DeepSeek V4 Preview Released: Lower Memory and Compute Requirements, Leading Agent Capabilities

DeepSeek V4 Preview Released

On April 24, Chinese AI company DeepSeek announced the release of the preview version of its new model series, DeepSeek-V4, which is now open source. The model claims to lead in three dimensions: agent capabilities, world knowledge, and reasoning performance within the domestic and open-source fields.

DeepSeek-V4 is available in two versions, Pro and Flash, both supporting a super long context of 1 million tokens and significantly reducing computational and memory requirements.

API services are also launched, allowing developers to call the model by changing the parameters to deepseek-v4-pro or deepseek-v4-flash. The interface is compatible with OpenAI ChatCompletions and Anthropic standards.

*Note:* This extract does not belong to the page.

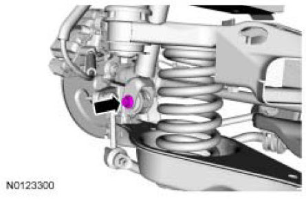 8. Remove and discard the 2 rear shock absorber lower bolts.
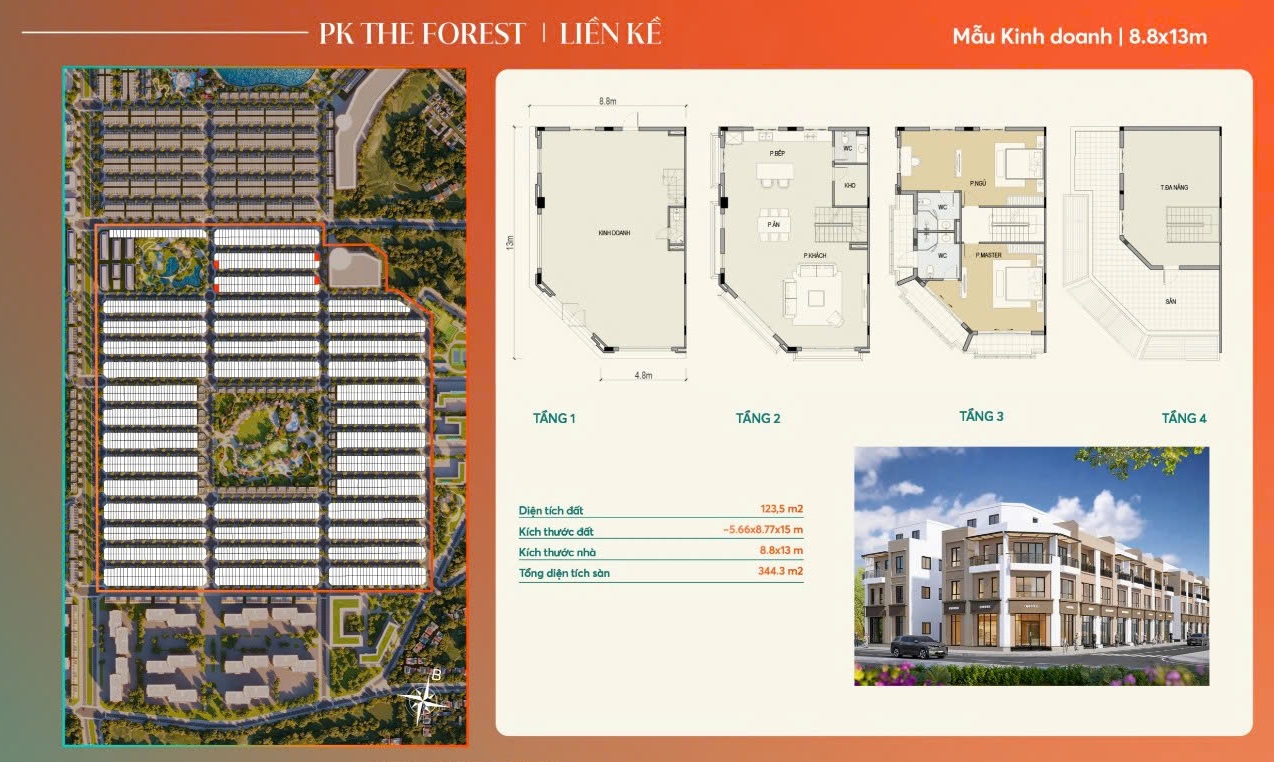 Giai đoạn 1, dự án mở bán shophouse tại phân khu The Forest và The Sunrise với những đặc điểm như sau.

DeepSeek also disclosed that due to limitations in high-end computing supply, the Pro version currently has very limited service throughput. It is expected that prices for the Pro version will significantly decrease later this year with the mass release of Huawei’s Ascend 950 super nodes.

Notably, Ascend CANN will live stream the debut of DeepSeek V4 on the Ascend platform at 4 PM.

This release coincides almost exactly with OpenAI’s launch of GPT-5.5 the previous day, with starkly contrasting pricing strategies. Some netizens pointed out:

GPT-5.5 launched yesterday at a price of $30 per million output tokens, while DeepSeek V4 was released today under the MIT license, marking a significant drop in AI intelligence costs that forces every AI product company to reassess its profit structure.

User Enrico commented that DeepSeek V4 is “really impressive, fast, and intelligent,” although he believes the output price of $3.48 per million tokens is “not cheap,” but noted that LocalAI will help promote the model to a broader user base.

DeepSeek-V4-Pro: Performance Comparable to Top Closed-Source Models

DeepSeek-V4-Pro is the flagship version of this release, positioned to match the performance of top closed-source models.

In terms of reasoning performance, V4-Pro claims to surpass all currently published open-source models in mathematical, STEM, and competitive coding assessments, achieving results comparable to the world’s top closed-source models.

In world knowledge assessments, V4-Pro significantly outperforms other open-source models, only slightly trailing behind Google’s Gemini-Pro-3.1.

Agent capabilities have greatly improved. Compared to previous models, DeepSeek-V4-Pro’s agent capabilities have been notably enhanced. In Agentic Coding assessments, V4-Pro has reached the best level among current open-source models and performed excellently in other agent-related evaluations.

Currently, DeepSeek-V4 has become the Agentic Coding model used by the company’s internal employees, with feedback indicating that the user experience surpasses that of Sonnet 4.5, and the delivery quality is close to Opus 4.6 in non-thinking mode, though there remains a gap compared to Opus 4.6 in thinking mode.

DeepSeek-V4’s detailed technical report was also released alongside its launch.

DeepSeek-V4-Flash: A Faster and More Efficient Economic Choice

V4-Flash is positioned as a faster and more economical lightweight option.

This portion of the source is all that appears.